TASK DESCRIPTION: Pictures are to be left out, and every entry repeated exactly.
———
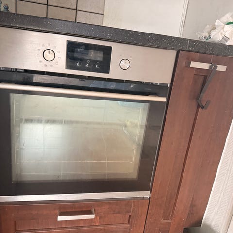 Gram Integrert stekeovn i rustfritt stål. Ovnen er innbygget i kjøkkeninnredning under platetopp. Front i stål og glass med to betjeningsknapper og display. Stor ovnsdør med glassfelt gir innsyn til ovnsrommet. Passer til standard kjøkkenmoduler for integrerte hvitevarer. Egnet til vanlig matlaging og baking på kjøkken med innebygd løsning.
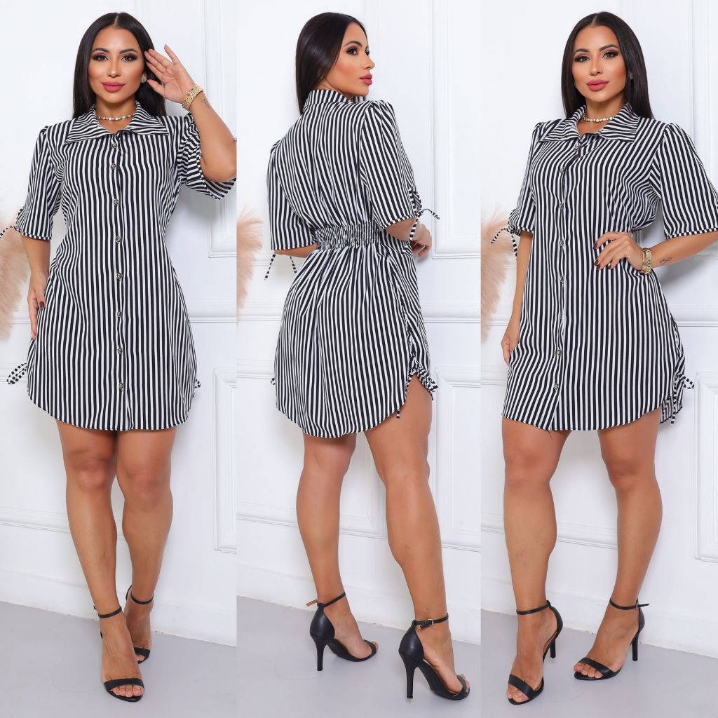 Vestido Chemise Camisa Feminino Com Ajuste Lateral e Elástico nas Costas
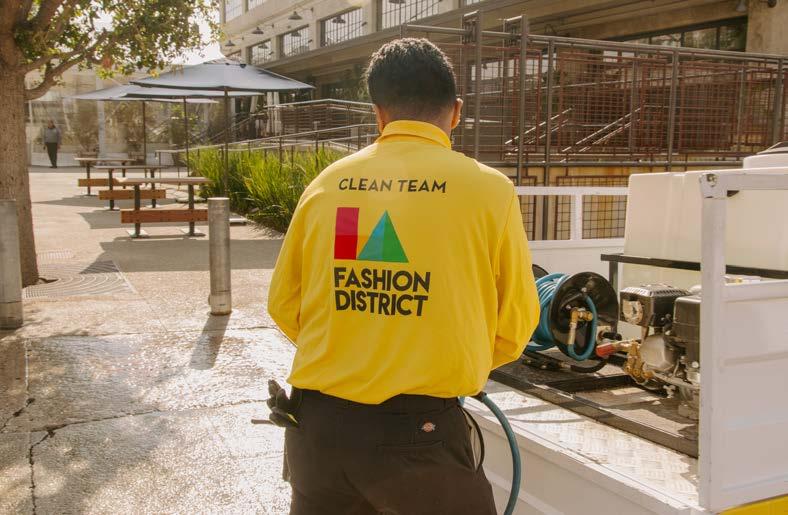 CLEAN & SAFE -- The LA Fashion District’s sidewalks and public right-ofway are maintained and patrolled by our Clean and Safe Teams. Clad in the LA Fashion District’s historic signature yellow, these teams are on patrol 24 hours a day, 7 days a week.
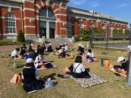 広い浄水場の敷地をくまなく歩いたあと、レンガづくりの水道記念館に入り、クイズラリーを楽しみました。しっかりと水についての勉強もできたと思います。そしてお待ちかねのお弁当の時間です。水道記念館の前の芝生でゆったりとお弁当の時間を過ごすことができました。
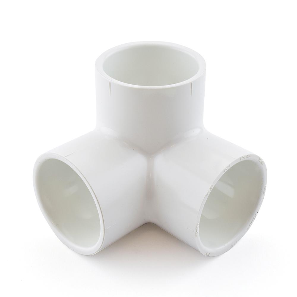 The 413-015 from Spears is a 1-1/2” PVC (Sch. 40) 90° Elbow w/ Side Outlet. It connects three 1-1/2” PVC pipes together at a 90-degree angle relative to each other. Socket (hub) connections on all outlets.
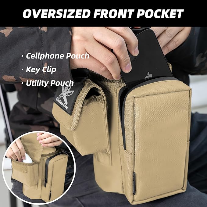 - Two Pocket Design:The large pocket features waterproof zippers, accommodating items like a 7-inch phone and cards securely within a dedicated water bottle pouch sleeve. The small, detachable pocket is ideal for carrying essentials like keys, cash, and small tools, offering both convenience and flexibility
———
ANSWER BOX:
 Gram Integrert stekeovn i rustfritt stål. Ovnen er innbygget i kjøkkeninnredning under platetopp. Front i stål og glass med to betjeningsknapper og display. Stor ovnsdør med glassfelt gir innsyn til ovnsrommet. Passer til standard kjøkkenmoduler for integrerte hvitevarer. Egnet til vanlig matlaging og baking på kjøkken med innebygd løsning.
 Vestido Chemise Camisa Feminino Com Ajuste Lateral e Elástico nas Costas
 CLEAN & SAFE -- The LA Fashion District’s sidewalks and public right-ofway are maintained and patrolled by our Clean and Safe Teams. Clad in the LA Fashion District’s historic signature yellow, these teams are on patrol 24 hours a day, 7 days a week.
 広い浄水場の敷地をくまなく歩いたあと、レンガづくりの水道記念館に入り、クイズラリーを楽しみました。しっかりと水についての勉強もできたと思います。そしてお待ちかねのお弁当の時間です。水道記念館の前の芝生でゆったりとお弁当の時間を過ごすことができました。
 The 413-015 from Spears is a 1-1/2” PVC (Sch. 40) 90° Elbow w/ Side Outlet. It connects three 1-1/2” PVC pipes together at a 90-degree angle relative to each other. Socket (hub) connections on all outlets.
 - Two Pocket Design:The large pocket features waterproof zippers, accommodating items like a 7-inch phone and cards securely within a dedicated water bottle pouch sleeve. The small, detachable pocket is ideal for carrying essentials like keys, cash, and small tools, offering both convenience and flexibility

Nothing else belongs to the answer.